## [Problem description]
Starting at the line that contains "[ورواه] (إِبْرَاهِيم بن" and stopping at the line that contains "Her light blonde", transcribe every line of the material below exactly; pictures stay out.
____ Records for the task
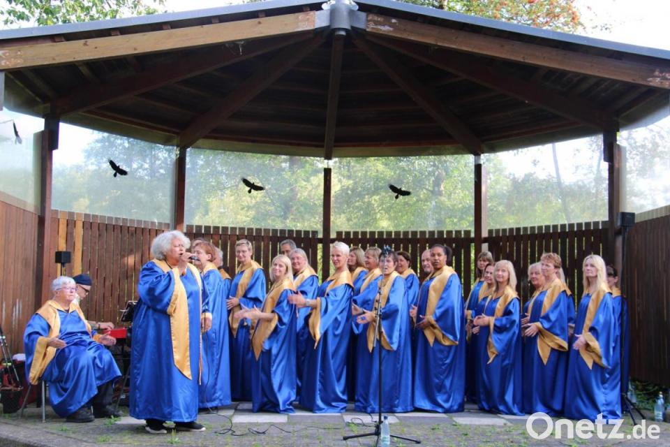 Aber egal: Die Fans, von denen sehr viele gekommen waren, scharten sich um die Bühne und genossen ein abwechslungsreiches Programm, für das Chorleiterin Remona Fink verantwortlich war und das sie mit vielen Soloeinlagen mit ihrer souligen Stimme bereicherte. Mit „This Train“ zogen die Sängerinnen und Sänger in ihren blau-goldenen Roben auf die Bühne. Bekannte Titel wie „Lean on me“, „Amen“, „Amazing Grace“ oder „I will follow him“, dem Hit aus „Sister Act“ wechselten mit ruhigeren Stücken wie „I am not forgotten“ oder „Mighty Wind“ ab. Zu jedem Stück gab es eine andere Choreografie, die bald auf das klatschende und mitsingende Publikum übersprang.
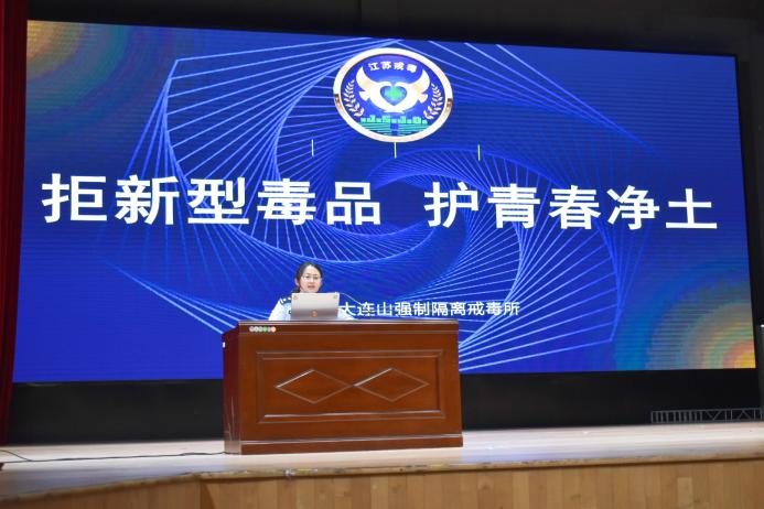 南京市大连山强制隔离戒毒所的四级警长丁彬彬为在场师生带来了题为《拒新型毒品  护青春净土》的讲座。丁警长详细介绍了当前的禁毒形势,深入讲解了麻精药品、新精神活性物质以及未列管成瘾物质的滥用危害、防范知识和法律后果。的讲座内容丰富、深入浅出,极大地提升了师生们对毒品危害的认识和防范能力。
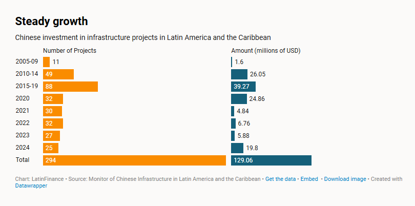 中國(guó)在拉丁美洲和加勒比地區(qū)投資基礎(chǔ)設(shè)施項(xiàng)目(來(lái)源:《拉美金融》)
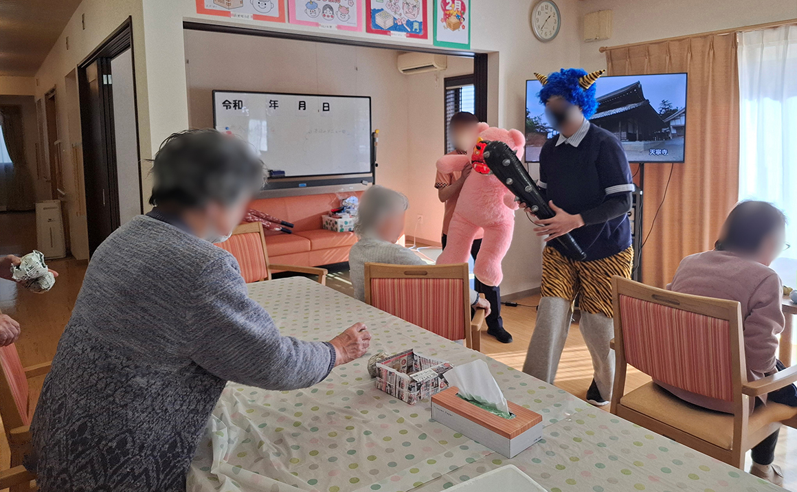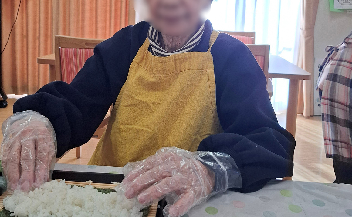 たのしい家瑞穂では節分祭を行いました、皆様ご自分で恵方巻きを作られ『久しぶりに作るけど上手く巻けるかしら』とお話しながら楽しそうに
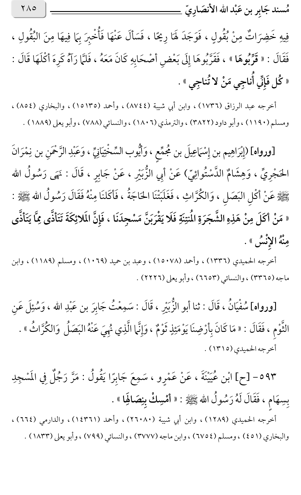 [ورواه] (إِبْرَاهِيم بن إِسْمَاعِيلَ بن مُجمِّعٍ، وَأيُّوب السِّخْتِيَانِيِّ، وَعَبْدِ الرَّحْمَنِ بن نِمْرَانَ الحَجْرِيِّ، وَهِشَامٌ الدَّسْتُوائِيّ) عَنْ أبِي الزُّبَيْرِ، عَنْ جَابِرٍ، قَالَ: نَهَى رَسُولُ الله صلى الله عليه وسلم عَنْ أكْلِ البَصَلِ، وَالكُرَّاثِ، فَغَلَبَتْنَا الحَاجَةُ، فَأكَلنَا مِنْهُ فَقَالَ رَسُولُ الله صلى الله عليه وسلم: «مَنْ أكَلَ مِنْ هَذِهِ الشَّجَرَةِ المُنتِنَةِ فَلَا يَقْرَبَنَّ مَسْجِدَنَا، فَإِنَّ المَلائِكَةَ تَتَأذَّى مِمَّا يَتَأذَّى مِنْهُ الإِنْسُ».
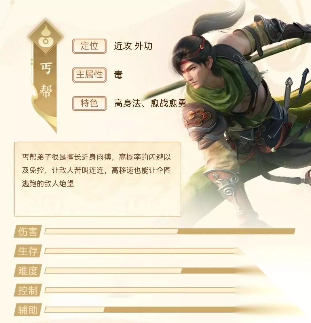门派介绍 定位:近战,外功 主属性:毒 特色:高身法、愈战愈勇 简介 1、丐帮弟子很是擅长近身肉搏,高概率的闪避以及免控。 2、高移速也能让企图逃跑的敌人绝望。 基础面板 1、高生存,高控制。 2、中等难度,中等生存能力,低辅助能力。
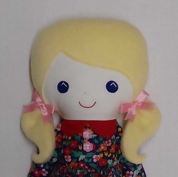 Her light blonde hair is made from soft fleece and worn in bunches fastened by pink ribbon bows. She has blue eyes made from felt. Her red mouth and tiny nose are securely hand embroidered.
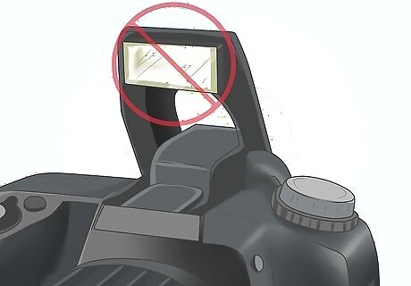 Avoid using the internal camera flash because you have very little control over the lighting and color cast it will produce. Use your tripod and manual settings instead.
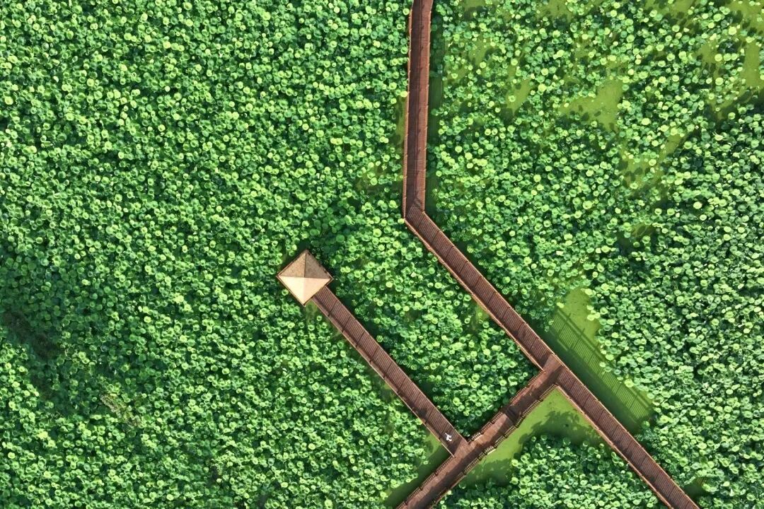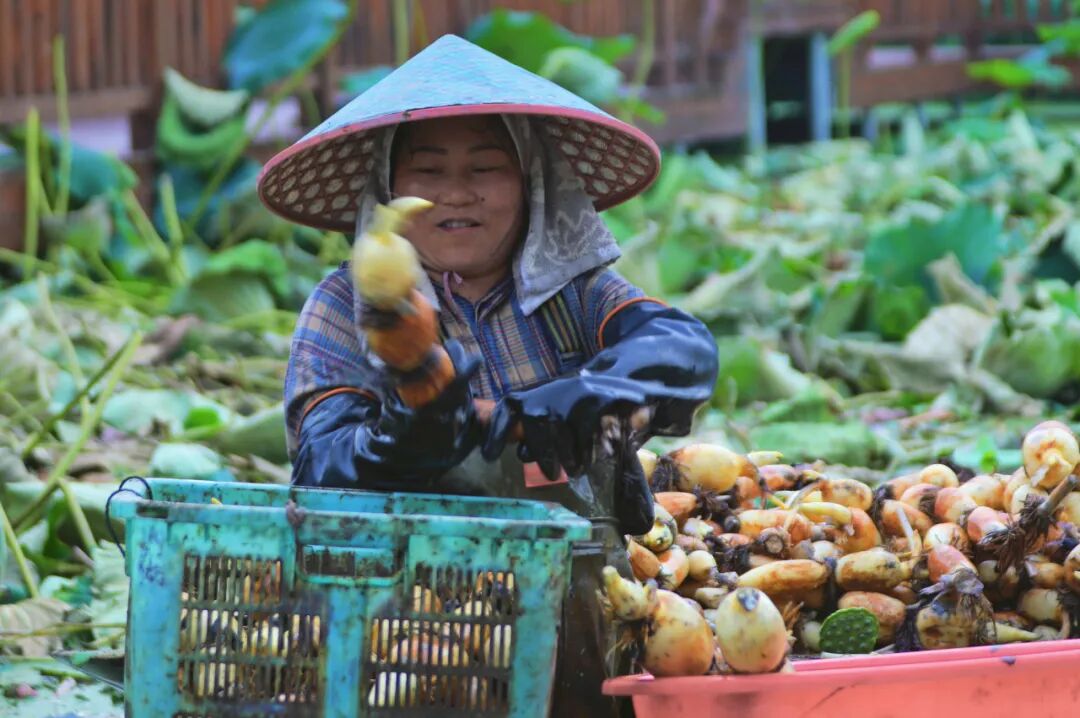 在紅星村的荷塘邊,她定格過挖藕人舉起蓮藕時樸實的笑臉;在榮星村的稻田里,她記錄下無人機春日播撒希望的現(xiàn)代畫面。她的鏡頭里,既有自然風(fēng)光,更有人間煙火。
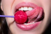 Zdjęcie "Dziewczyna z seksownymi ustami jedząca chupa chups z bliska. Kobiece usta ssące lizaki. Kobieta trzymająca lizaka w ustach, zbliżenie. Czerwone usta, zmysłowa i seksowna koncepcja." może być wykorzystywane do celów osobistych i komercyjnych zgodnie z warunkami zakupionej licencji Royalty-free. Obraz jest dostępny do pobrania w jakości wysokiej rozdzielczości do 5760x3840.
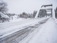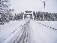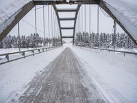 A scenic winter landscape in Sweden, with a straight road covered in snow leading to a suspension bridge over a frozen river.
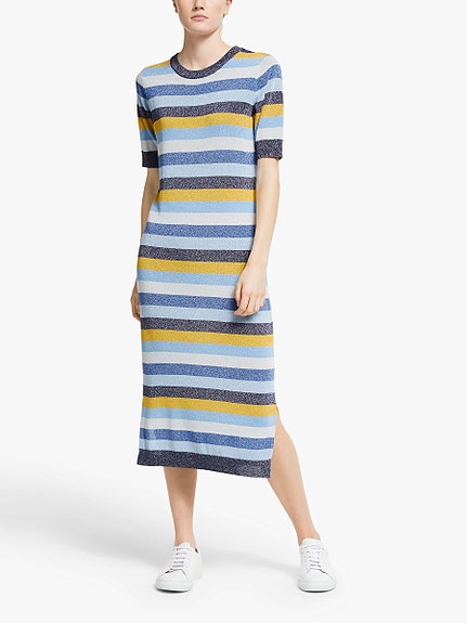 Stripete kjole med rødt belte
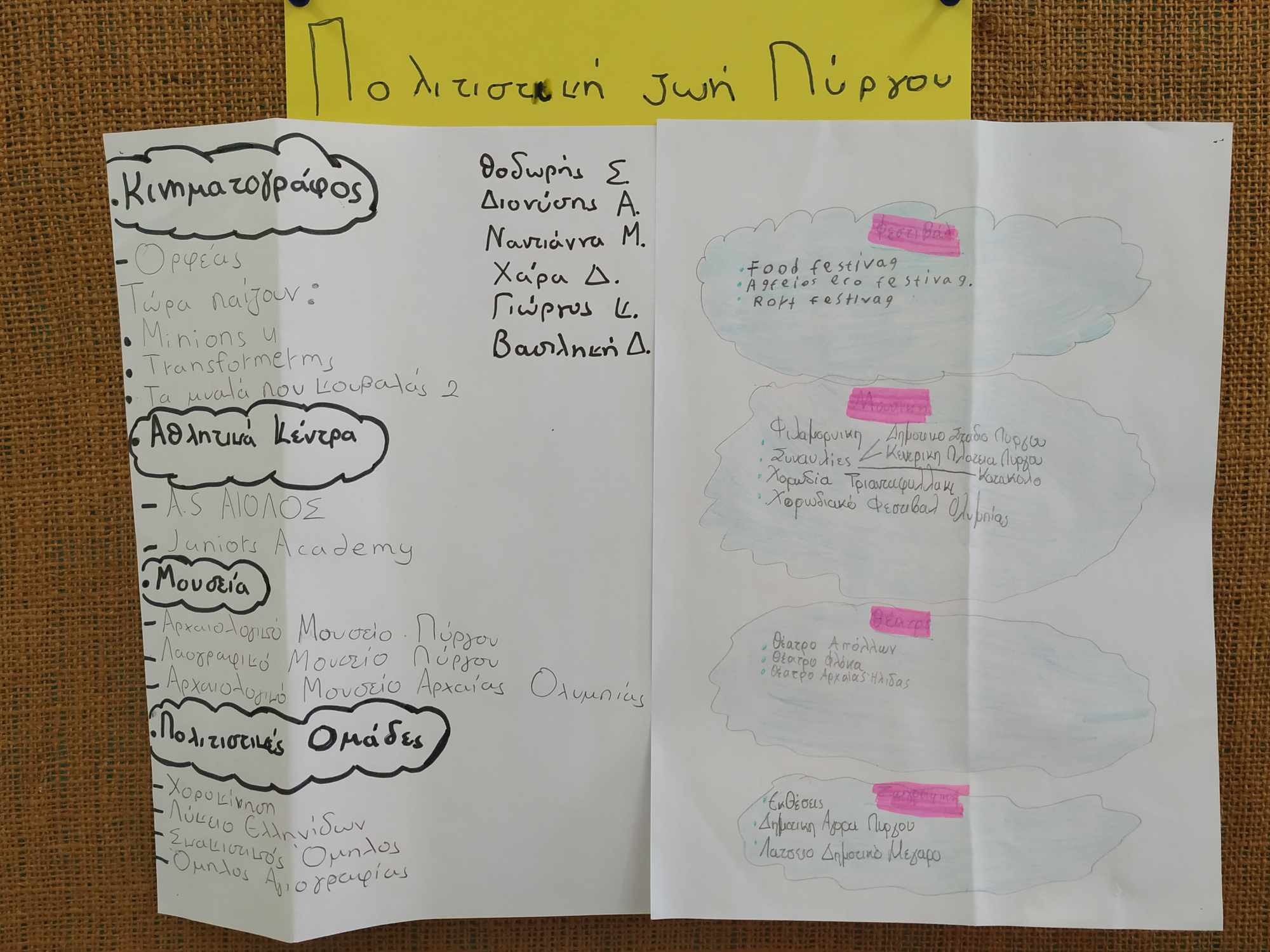 Στην ενότητα 2 «Η ζωή στην πόλη» ασχοληθήκαμε με την πολιτιστική ζωή της πόλης μας, του Πύργου. Με σκοπό να μάθουμε περισσότερα για τις πολιτιστικές εκδηλώσεις που διοργανώνονται στην πόλη μας, οι μαθητές και οι μαθήτριες χωρισμένοι σε τρείς ομάδες, ρώτησαν τους οικείους τους και αφού συγκέντρωσαν τις απαραίτητες πληροφορίες, τις επεξεργάστηκαν δημιουργώντας ενδιαφέρουσες αφίσες με θέμα την Πολιτιστική ζωή του Πύργου. Μέσα από την έρευνά τους, οι μαθητές έμαθαν για διάφορες πολιτιστικές δραστηριότητες που λαμβάνουν χώρα στον Πύργο, όπως θεατρικές παραστάσεις, συναυλίες, εκθέσεις τέχνης και φεστιβάλ. Ένα από τα πιο γνωστά φεστιβάλ είναι το Φεστιβάλ Πύργου, το οποίο συγκεντρώνει καλλιτέχνες και επισκέπτες από όλη την Ελλάδα. Μέσα από τη διαδικασία αυτή, καταλάβαν πόσο πλούσια και ενδιαφέρουσα είναι η πολιτιστική ζωή του Πύργου και πόσο σημαντικό είναι να συμμετέχουν σε αυτές τις εκδηλώσεις για να ενισχύσουν τη σύνδεσή τους με την τοπική κοινωνία και τον πολιτισμό.
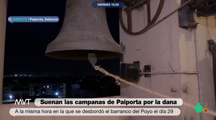Suenan las campanas de Paiporta por la DANA a la misma hora que se desbordó el barranco del Poyo
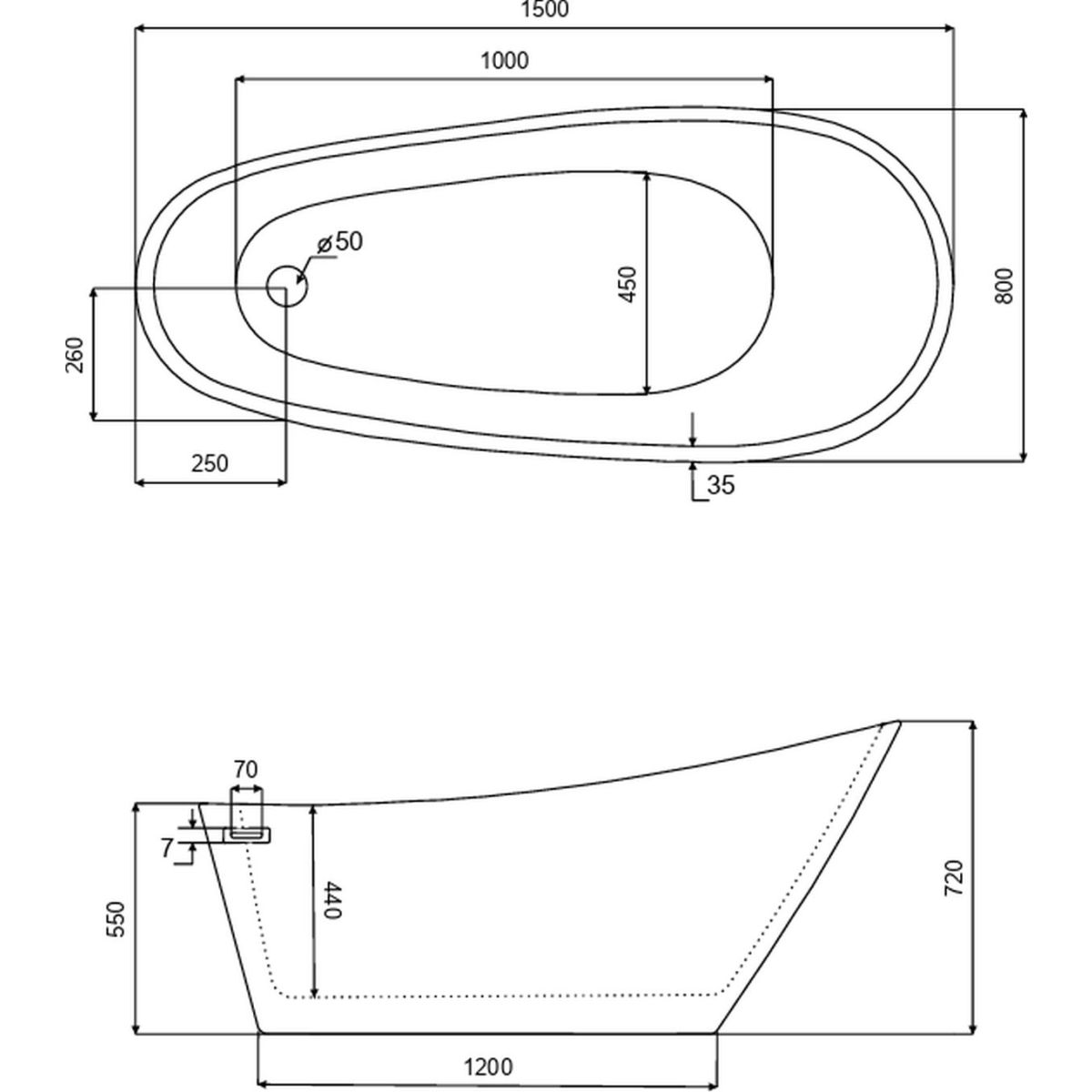 Besco Melody Freistehende Badewanne 150x80 cm oval weiß #WAS-150-MZL
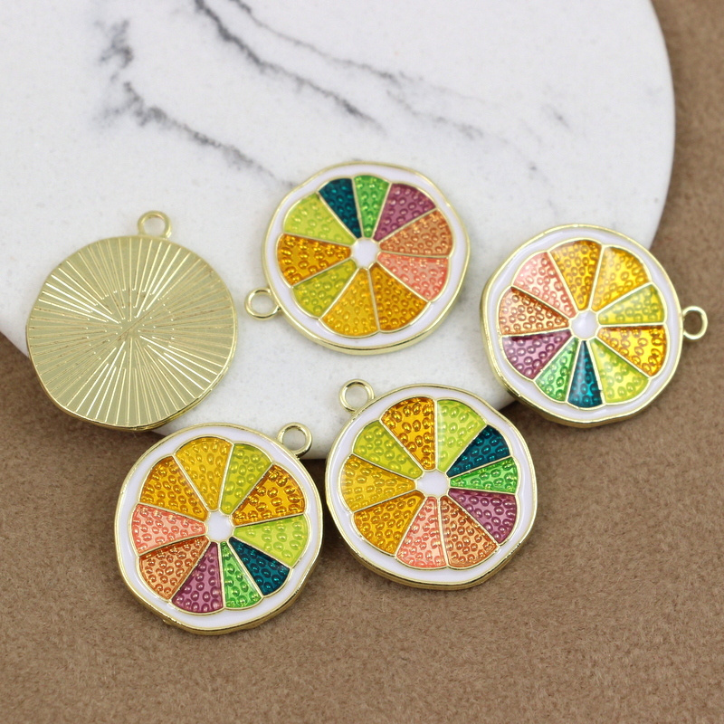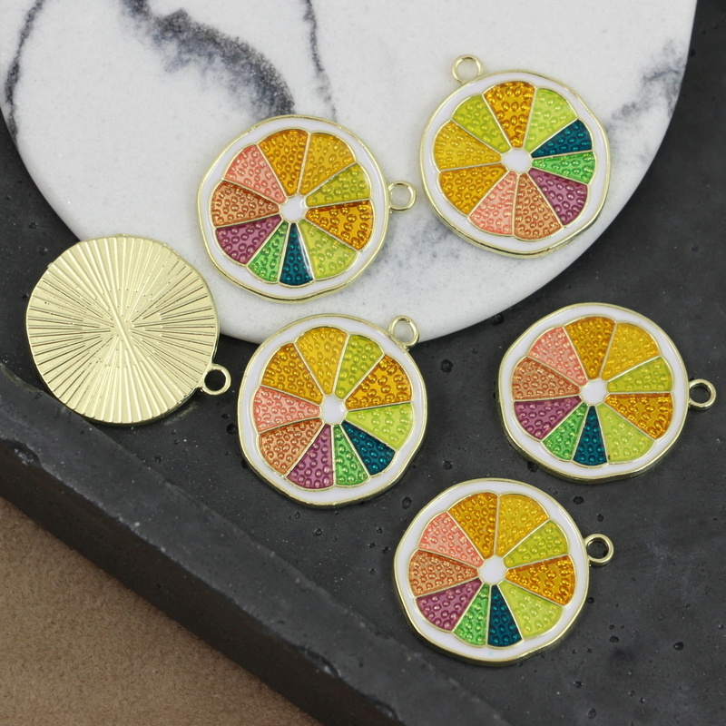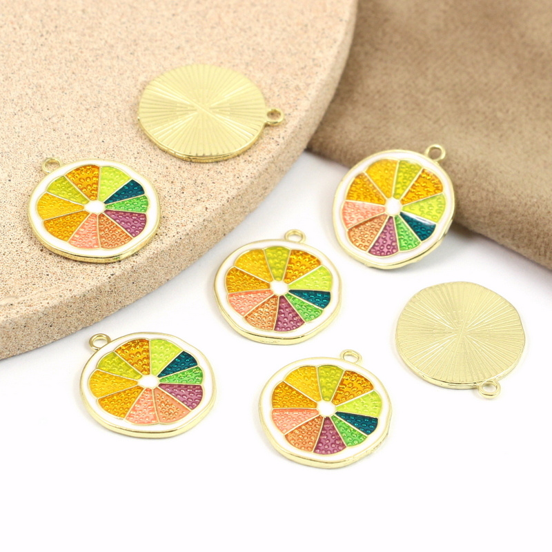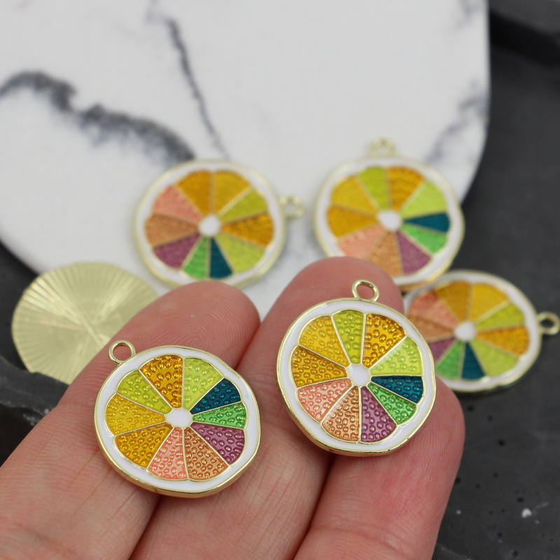 Zawieszka z motywem przekroju cytryny. Zawieszka ładnie wykonana. Doskonale uzupełni projekty biżuteryjne - bransolety czy naszyjniki.
________
## [Task result]
 [ورواه] (إِبْرَاهِيم بن إِسْمَاعِيلَ بن مُجمِّعٍ، وَأيُّوب السِّخْتِيَانِيِّ، وَعَبْدِ الرَّحْمَنِ بن نِمْرَانَ الحَجْرِيِّ، وَهِشَامٌ الدَّسْتُوائِيّ) عَنْ أبِي الزُّبَيْرِ، عَنْ جَابِرٍ، قَالَ: نَهَى رَسُولُ الله صلى الله عليه وسلم عَنْ أكْلِ البَصَلِ، وَالكُرَّاثِ، فَغَلَبَتْنَا الحَاجَةُ، فَأكَلنَا مِنْهُ فَقَالَ رَسُولُ الله صلى الله عليه وسلم: «مَنْ أكَلَ مِنْ هَذِهِ الشَّجَرَةِ المُنتِنَةِ فَلَا يَقْرَبَنَّ مَسْجِدَنَا، فَإِنَّ المَلائِكَةَ تَتَأذَّى مِمَّا يَتَأذَّى مِنْهُ الإِنْسُ».
门派介绍 定位:近战,外功 主属性:毒 特色:高身法、愈战愈勇 简介 1、丐帮弟子很是擅长近身肉搏,高概率的闪避以及免控。 2、高移速也能让企图逃跑的敌人绝望。 基础面板 1、高生存,高控制。 2、中等难度,中等生存能力,低辅助能力。
 Her light blonde hair is made from soft fleece and worn in bunches fastened by pink ribbon bows. She has blue eyes made from felt. Her red mouth and tiny nose are securely hand embroidered.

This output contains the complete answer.